Starting with the line that contains "Durante su intervención, el", copy each line exactly through the end of the listing, and omit all pictures.

_Data provided:_
--- START ---

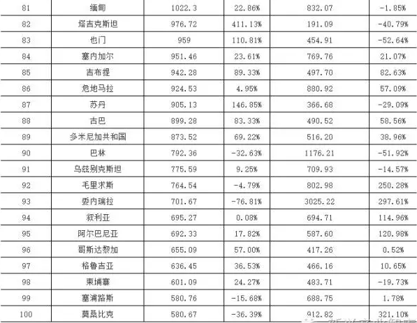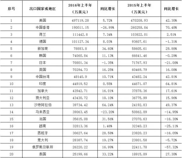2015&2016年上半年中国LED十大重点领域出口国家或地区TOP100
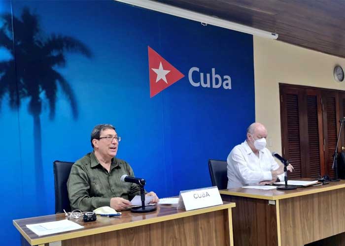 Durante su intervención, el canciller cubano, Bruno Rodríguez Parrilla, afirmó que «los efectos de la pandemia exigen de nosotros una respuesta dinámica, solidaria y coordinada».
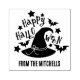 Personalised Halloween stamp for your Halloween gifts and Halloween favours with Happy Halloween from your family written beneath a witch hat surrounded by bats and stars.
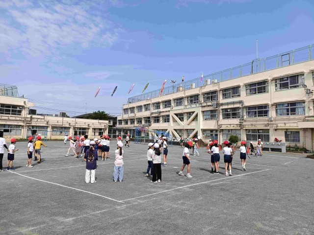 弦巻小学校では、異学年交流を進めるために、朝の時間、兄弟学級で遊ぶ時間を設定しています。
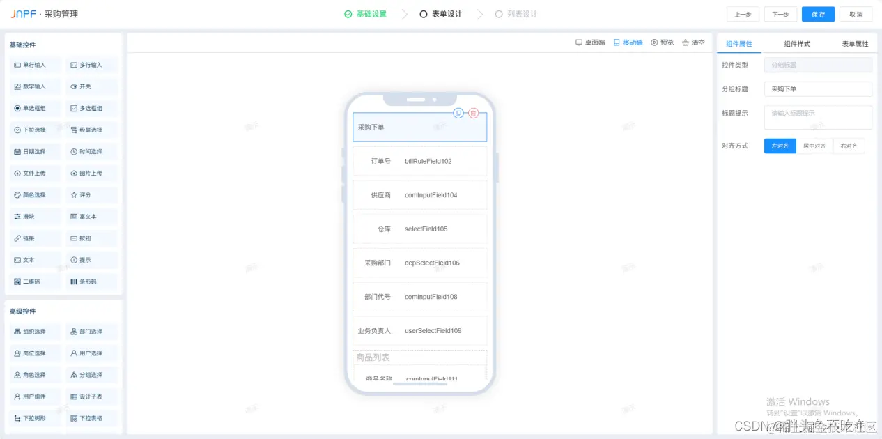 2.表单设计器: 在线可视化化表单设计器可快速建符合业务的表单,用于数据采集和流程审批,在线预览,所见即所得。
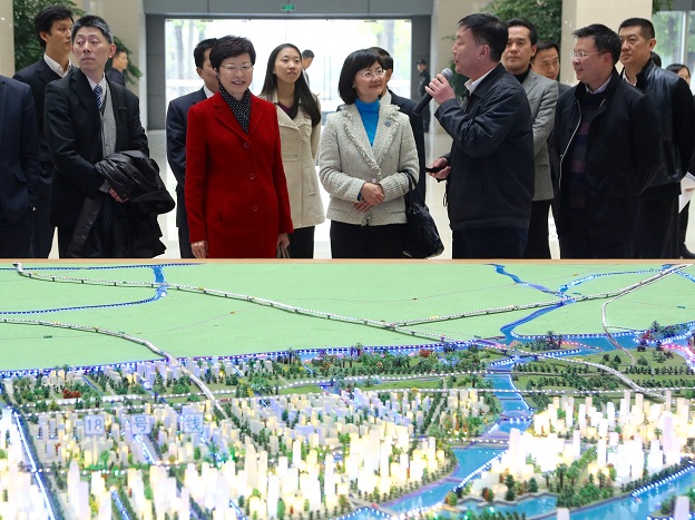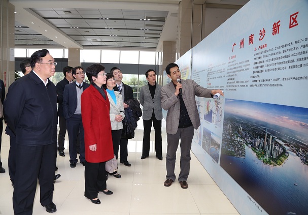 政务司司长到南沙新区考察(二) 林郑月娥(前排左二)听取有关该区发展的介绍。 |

--- END ---

_Answer space:_
 Durante su intervención, el canciller cubano, Bruno Rodríguez Parrilla, afirmó que «los efectos de la pandemia exigen de nosotros una respuesta dinámica, solidaria y coordinada».
 Personalised Halloween stamp for your Halloween gifts and Halloween favours with Happy Halloween from your family written beneath a witch hat surrounded by bats and stars.
 弦巻小学校では、異学年交流を進めるために、朝の時間、兄弟学級で遊ぶ時間を設定しています。
 2.表单设计器: 在线可视化化表单设计器可快速建符合业务的表单,用于数据采集和流程审批,在线预览,所见即所得。
 政务司司长到南沙新区考察(二) 林郑月娥(前排左二)听取有关该区发展的介绍。 |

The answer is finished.